Obviously, the amount of exposure to each language and the way of teaching plays an important role to the actual results and rate of learning. In other words, empirical learning (through practice and continuous exposure to authentic material, eg. everyday conversations, TV and so on) facilitates language learning at a young age, as opposed to classroom-based learning (formal education), where different practices are followed and focus is given on different aspects of language (such as grammar use, syntax and so on). In terms of native-like pronunciation, starting speaking a language at a very early age improves pronunciation as well, compared to starting at a later age. There is a linguistic theory, called the Critical period Hypothesis, according to which native-like learning of a foreign language (I believe in your case this would be a second language or any language treated as a foreign either at school or in the child's surroundings) is not possible if an individual starts learning it after a certain age (around 12-14 years old).

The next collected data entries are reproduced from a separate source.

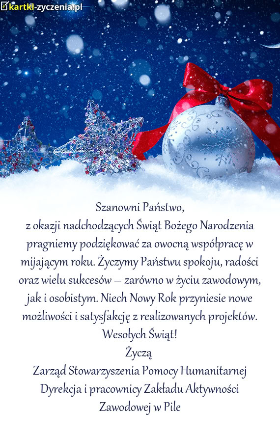 Życzy Kierownik OPS w Baćkowicach wraz z z pracownikami - Gotowa Kartka bożonarodzeniowa
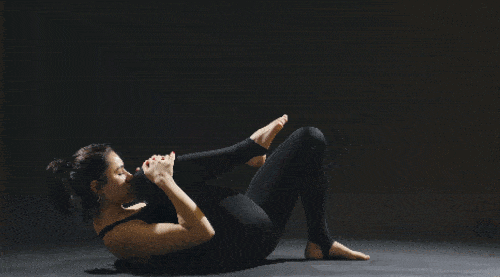 매트에 누워서 시작하세요. 왼쪽 무릎은 세우고, 오른쪽 다리는 뻗어줍니다. 오른쪽 무릎을 상체 방향으로 당겨주세요. 이때 상체를 약간 일으키고, 양손으로 정강이를 감싸줍니다. 30초 운동하세요. 왼쪽 무릎을 당기면서 감싸는 동작으로 30초 반복합니다.
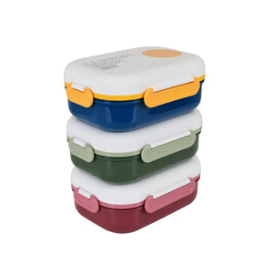The lunch box features multiple compartments for separating dishes, along with a small detachable mini box for sauces, dips, or snacks. Its airtight seal prevents leakage and odor, ensuring a mess-free experience. Compact yet spacious, it easily fits into school bags and office totes, making it a reliable everyday companion.
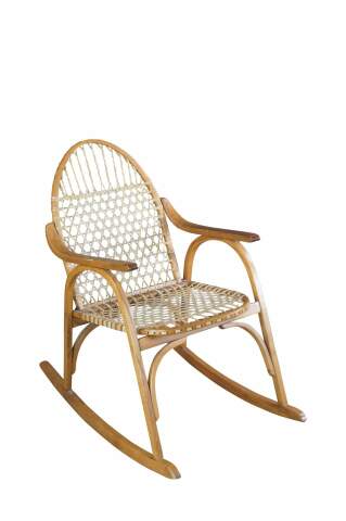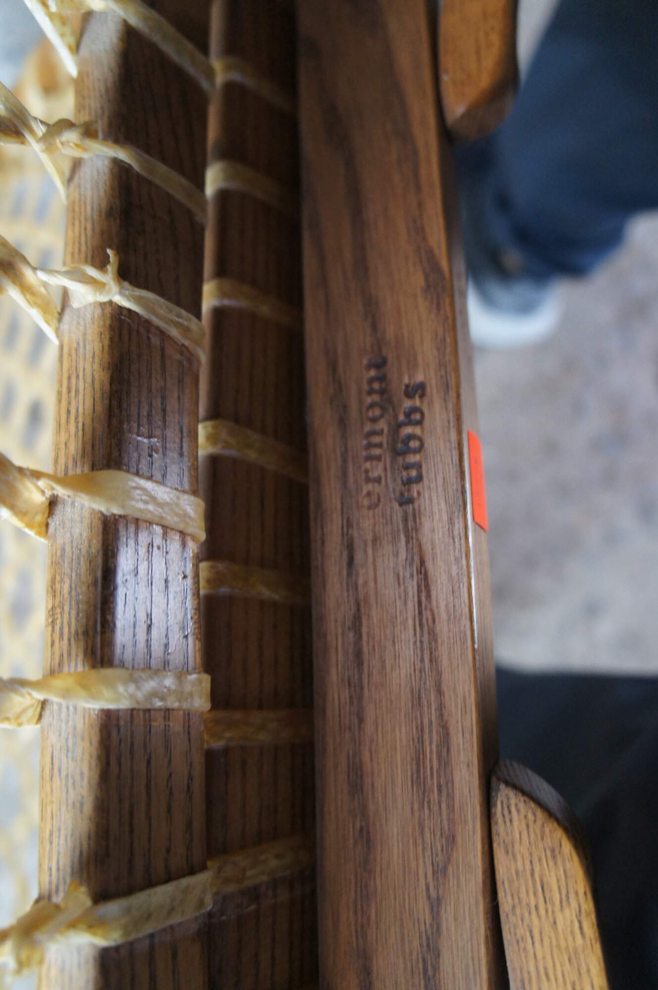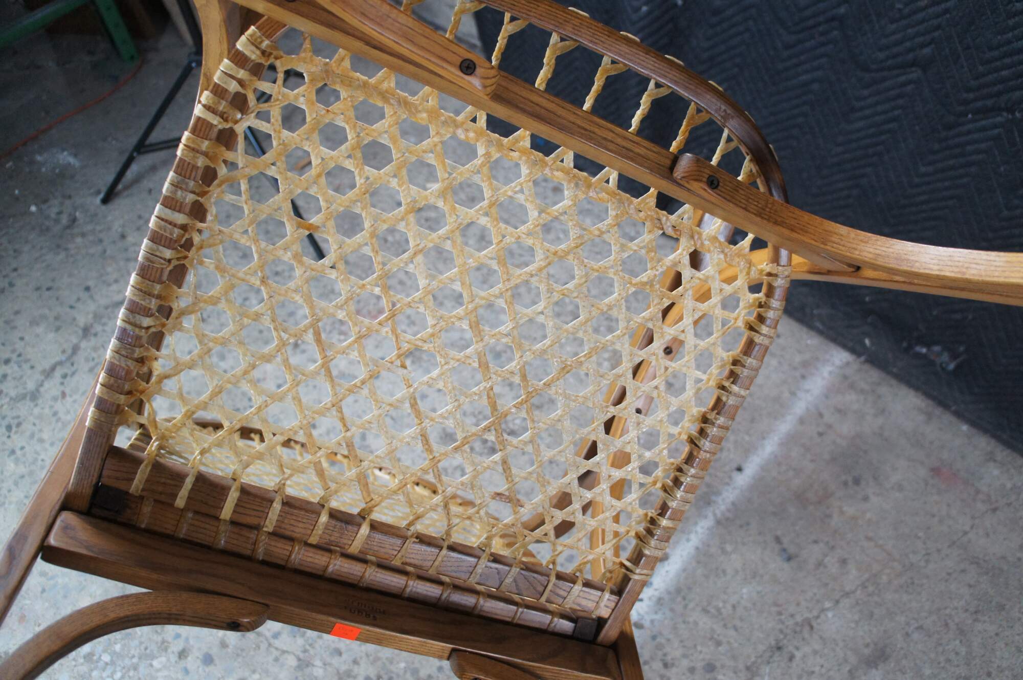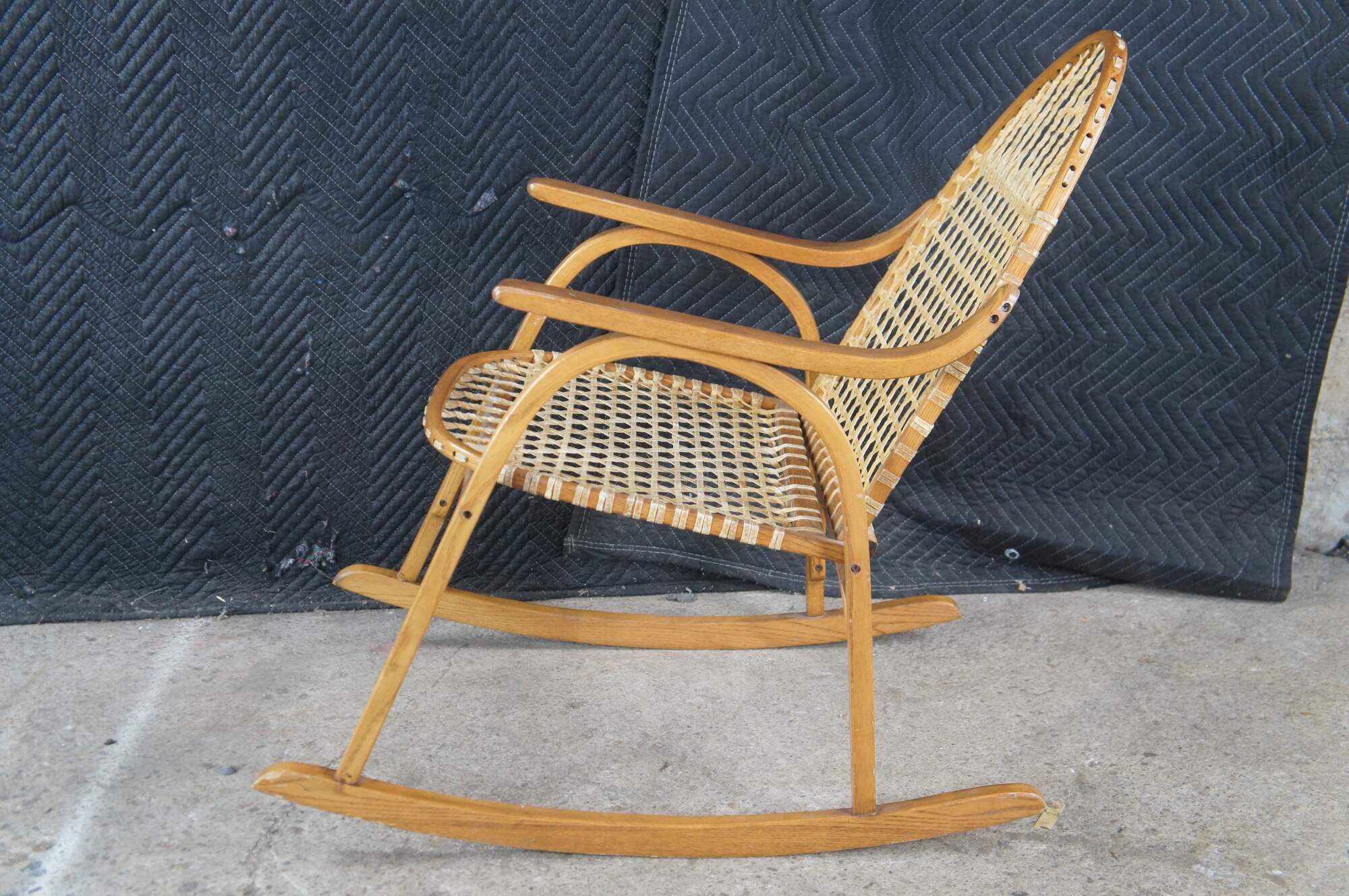 Vintage Vermont Tubbs snowshoe rocking chair featuring an oak frame with rawhide lacing.

Of course, there are some disadvantages to being exposed to several languages at the same time. Code-switching (changing from one language to the other) is inevitable I guess (this could be seen both as an advantage and a disadvantage). Also, there is a slight delay on the first time the child produces some kind of meaningful speech. If the typical age for a normally developing child to produce speech is at around 6 months for words such as "mama", "nana" etc. and 18-24 months for sequences of 2-4 words at the same time, multilingual children are observed to produce such sequences later than monolingual ones.